Selecting a closed field opens the list of options. Choosing an option from the list will close the field and the selected text replaces any placeholder text.

Single select dropdowns

Multi-select dropdowns

For multi-select interactions, each list item is accompanied by a checkbox. The list of options won’t close until someone dismisses it, either by clicking off the list or by pressing Esc. The selected text will replace the placeholder unless the selections exceed the width of the container. In that case, the field will show how many options are selected.
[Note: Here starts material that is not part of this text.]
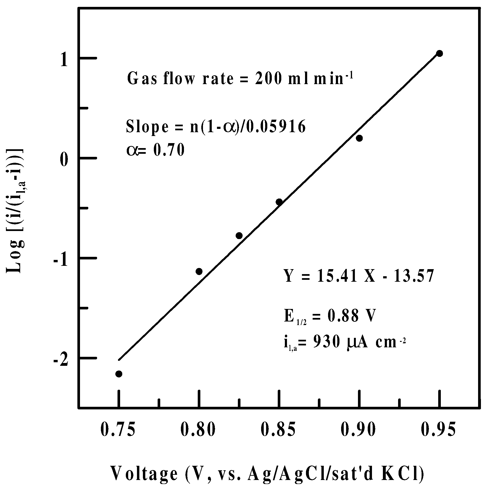 The smooth curve in Figure 4 is obtained by plotting Eq. (6) with il,a=930 μA/cm2 , E1/2=0.88 V, and α=0.70. In fact, when an electrochemical reaction conforms to Eq. (6), a plot of log [i/(il,a-i)] vs. E is a straight line with a slope of (1-α)nF/2.3RT (or n(1-α)/0.05916 V-1 at 25 °C ) and has an E-intercept of E1/2. This is shown in Fig. 5. The obtained value of E1/2 (0.88 V) from the intercept is the same as the onset potential (0.88 V) obtained earlier for NO oxidation under the same experimental conditions, as judged by the CVs in Figure 3.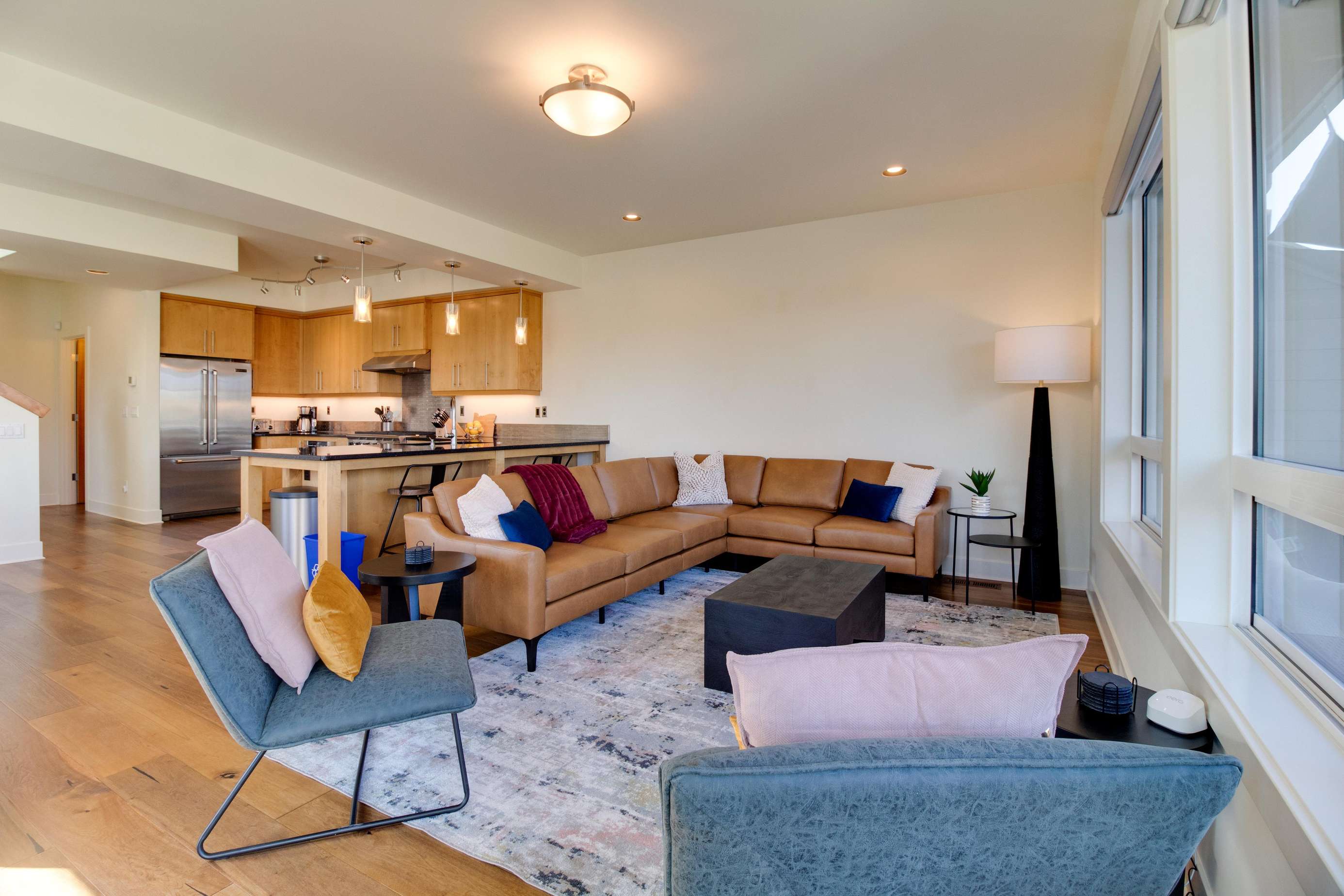 This home has 3 bedrooms (king, king, king) and family room with a kid's bunk bed (twin over full). All beds feature crisp high thread count linens and European style bedding. Each king bedroom features an ensuite bathroom. All king bedrooms have new Beautyrest Silver mattresses (as of August 2024). This is a 3 level home and stairs are required to access all king bedrooms. This home sleeps 6 adults and 2 kids very comfortably.

Set the multiselect prop to true to enable multiple selections.

Multi-select dropdowns

Accessibility

The text prop

Use the text prop to define a string value for complex options, especially ones that contain JSX. Setting the text prop ensures that people can navigate dropdown options by typing a letter or string of letters to find matching options and that the closed dropdown will display the correct data once a selection’s been made.

The text prop

Optimize for screen readers

Set inlinePopup to true when possible for better VoiceOver support. The inlinePopup prop will cause the listbox popup to be rendered immediately after the button in the DOM. Safari doesn’t support aria-owns, so this enables iOS VoiceOver swipe navigation between the button and options.


Content

Use descriptive labels that tell people what they can find in the menu. Single words or short phrases are best.

Write dropdown options using parallel construction, for example all nouns or all verbs, but don’t repeat the same word or phrase at the beginning of each option. If “none” is an option, include it.

Use sentence-style capitalization—only capitalize the first word. For more info, see Capitalization in the Microsoft Writing Style Guide.